*** Data for processing ***

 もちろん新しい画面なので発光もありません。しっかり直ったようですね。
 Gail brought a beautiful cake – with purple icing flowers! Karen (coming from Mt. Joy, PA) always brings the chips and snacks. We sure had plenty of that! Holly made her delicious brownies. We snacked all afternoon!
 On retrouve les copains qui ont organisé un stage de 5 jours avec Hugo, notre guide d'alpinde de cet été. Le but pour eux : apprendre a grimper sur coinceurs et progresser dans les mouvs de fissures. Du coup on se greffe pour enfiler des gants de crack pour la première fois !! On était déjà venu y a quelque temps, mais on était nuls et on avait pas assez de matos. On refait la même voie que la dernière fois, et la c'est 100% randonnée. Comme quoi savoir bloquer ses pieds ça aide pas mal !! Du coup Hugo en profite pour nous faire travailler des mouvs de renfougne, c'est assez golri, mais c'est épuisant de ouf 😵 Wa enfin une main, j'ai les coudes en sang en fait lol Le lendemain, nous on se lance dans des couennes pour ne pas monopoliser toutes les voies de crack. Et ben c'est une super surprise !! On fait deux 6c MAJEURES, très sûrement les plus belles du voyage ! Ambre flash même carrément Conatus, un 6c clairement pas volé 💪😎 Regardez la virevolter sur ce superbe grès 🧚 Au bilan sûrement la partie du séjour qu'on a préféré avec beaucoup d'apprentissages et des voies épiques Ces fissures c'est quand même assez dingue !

*** End of Data for processing ***
*** Data for processing ***

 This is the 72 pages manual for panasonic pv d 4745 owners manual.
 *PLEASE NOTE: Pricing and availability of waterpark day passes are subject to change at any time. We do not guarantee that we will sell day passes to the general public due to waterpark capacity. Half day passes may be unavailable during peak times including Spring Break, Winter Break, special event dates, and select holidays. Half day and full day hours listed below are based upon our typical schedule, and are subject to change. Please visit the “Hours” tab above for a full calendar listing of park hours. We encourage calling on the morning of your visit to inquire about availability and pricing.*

*** End of Data for processing ***

> **Task goal**: Your answer should consist solely of the lines above from the line with "もちろん新しい画面なので発光もありません。しっかり直ったようですね。" to the line with "Gail brought a", both included, reproduced exactly.

> **Exercise response**:
 もちろん新しい画面なので発光もありません。しっかり直ったようですね。
 Gail brought a beautiful cake – with purple icing flowers! Karen (coming from Mt. Joy, PA) always brings the chips and snacks. We sure had plenty of that! Holly made her delicious brownies. We snacked all afternoon!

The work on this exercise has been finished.